Now the API 3.0 is applied. I am working on Java 1.7 and plexus-java@java7 in branch 3.0.0-M1, and the release can start today late evening.
Btw somebody broke the behavior of maven:shared-utils:3.2.0+. I have to use older version 3.1.0.

[rfscholte]

Btw somebody broke the behavior of maven:shared-utils:3.2.0+. I have to use older version 3.1.0.
Can you be more specific and/or create an issue for it?

[Tibor17]

Hi @rfscholte . The CLI in shared-utils executes a subprocess and we in surefire rely on a callback that the process finished. It seems we do not receive this notification and therefore the process waits next 10 seconds till timeout has elapsed. This prolonged ITs from 1 hour to 2 hours. Using the older version 3.1.0 all is same as before. I will have time to debug it after Surefire release. Are you fine with that yet?

[rfscholte]

My guess: apache/maven-shared-utils@f2246e0 Would be nice if you could have a look at it once you've finished this phase of surefire.

[jglick]

Looks right. Is there a specific integration test that reproduces the issue when run on a new Java release?

[rockysingh]

I think it's worth trying with an integration test that uses a random port.

[Tibor17]

@cstamas
@rockysingh
@jglick
Why we did not do it with java.i.File.toURI()?

[Tibor17]

A new branch 3.0.0-M1-J7 went out.
It contains API 3.0 and Java 1.7 (SUREFIRE-1493 and SUREFIRE-1474).
Let's wait for the Jenkins build...

[Tibor17]

We should see the Manifest. Why this issue does not exist on Windows? I think it should because the code base is in TEMP since the surefire.jar (surefire booter) is always on C:\ and not your Local repo on D:\.
See the first two sentenses in https://docs.oracle.com/javase/8/docs/technotes/guides/jar/jar.html#classpath
Are we sure that we identified the bug and it is in Class-Path of the Manifest??
Why the Main-Class is not found according to the bugs related to Debian dist?
The users say the useSystemClassLoader helps but it is because environment variable CLASSPATH is used with absolute paths. It is a bit contradictory with Manifest's Class-Path. I remember that the spec was different and that the file URL (file:/path/to/jar) was supported, so I guess absolute.

[Tibor17]

@cstamas Can you please squash the commits in one? Exclude the pom.xml because the master is already on Java 1.7. The commit message should be then according to Jira: [SUREFIRE-1588] Surefire manifest jar classloading broken on latest Debian/Ubuntu Java8.

[Tibor17]

Works for me but the annoying are logs because we log every Jar file.
This can be fixed by using a boolean flag preventing from repeative logs with same message.
Can you segregate the try-catch to a private method?
I have a question regarding the bug. The build plugin crashed with plugin version 2.22.1 on 1.8.0_192? It did not crash on my Windows system. It is different experience on Linux?

[Tibor17]

AFAIK our users, they won't see any warnings. So. We should write the log down to a dump file, see InPluginProcessDumpSingleton. I do not think it is user error. You need to specify reports dir and pass it to the class because the InPluginProcessDumpSingleton requires the dir.

[mirabilos]

Now the API 3.0 is applied. I am working on Java 1.7 and plexus-java@java7 in branch 3.0.0-M1, and the release can start today late evening.
Btw somebody broke the behavior of maven:shared-utils:3.2.0+. I have to use older version 3.1.0.

What does this even mean?

We need a fixed release, and I don’t mind bumping the minimum Java version as everything here is Java 8 anyway (with one Java 7 project from another team), but what other incompatible changes will you introduce in version 3.0.0? We really need a drop-in replacement soon.

[mirabilos]

Why this issue does not exist on Windows?

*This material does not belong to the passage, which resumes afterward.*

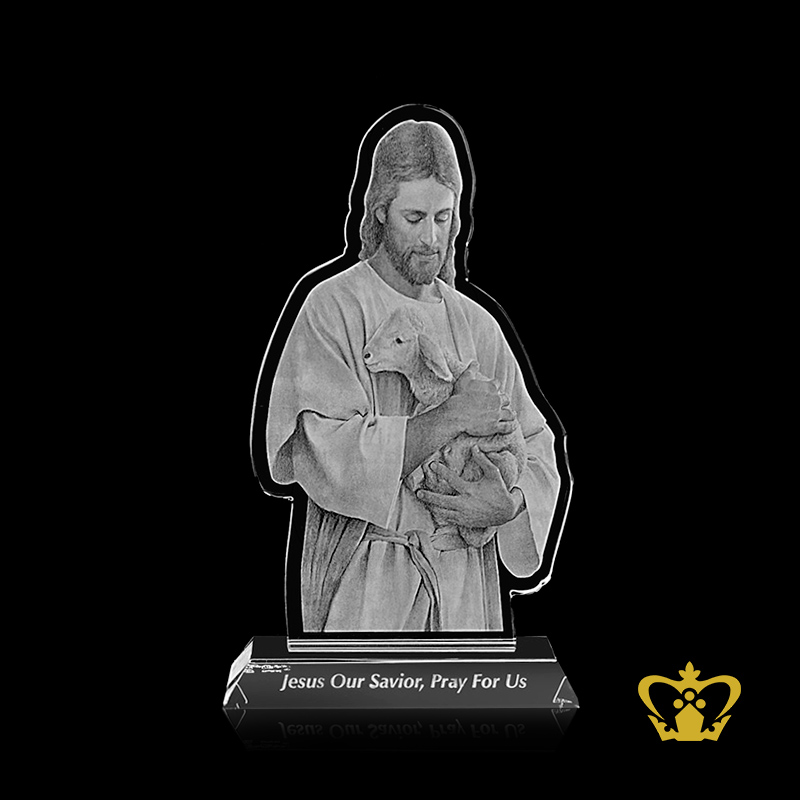 The Lord Jesus Christ - The Good Shepherd is lovingly depicted in a crystal cutout. As per the Christian faithful, Jesus Christ is the son of God, the redeemer of the world. Jesus, also referred to as Jesus of Nazareth and Jesus Christ, was a first-century Jewish preacher and religious leader. He is the central figure of Christianity. Most Christians believe he is the incarnation of God the Son and the awaited Messiah (Christ) prophesied in the Old Testament. Our customizable award plaques available in different shapes and styles that will be suitable for any occasion. Choose from our unique plaques for ongoing awards, corporate gift in various event, or single plaques to recognize individual achievement. Custom engraved plaques come in a variety of materials, such as crystal, glass, wood, metal and acrylic. We recommend sorting through our selection for traditional, memorial, and photo plaques as well. Whatever plaque you choose, we can add custom engravings to any of the items that interest you. Our advanced engraving services can place your organization's logo directly onto the plate. Order yours online today by click on customize button and upload your logo or image and text, you can also click on enquiry button we will respond as soon as we can.

The issue is caused by a bad backport of some new security features from OpenJDK via JDK 10 to JDK 8 in Debian, by the Ubuntu-employed maintainer and the Debian security team.

There are a couple new checks for JAR files, and one of them triggers the issue. According to someone who analysed the OpenJDK upstream changes, the OpenJDK team later disabled that new check by default, but this did not get backported to Debian.

So I expect that OpenJDK itself will enable the new check some time in the future, at which point it will fail everywhere. For now, it only fails on Debian and derivatives, and it’s extremely unlucky that this change was forcefully pushed even onto stable release users prematurely, under the umbrella of security fixes and “a deliberate upstream change”.

[Tibor17]

Are there any objections if I proceed with pushing the fix to master?
Can somebody run a test?

@mirabilos
We are not waiting for 3.0. It is already in master. It is not a blocker.
We are updating all Maven plugins to 3.0 because we have to and there there is no problem to accept it. We did not break your build. It was change of behavior in JDK itself as many other changes since of Java 9 and we only react on these changes one or two years.

[mirabilos]

@mirabilos
We did not break your build. It was change of behavior in JDK itself as many other changes since of Java 9 and we only react on these changes one or two years.

I know that. I was just asking whether upgrading from 2.x to 3.x will break anything except Java 6.

[Tibor17]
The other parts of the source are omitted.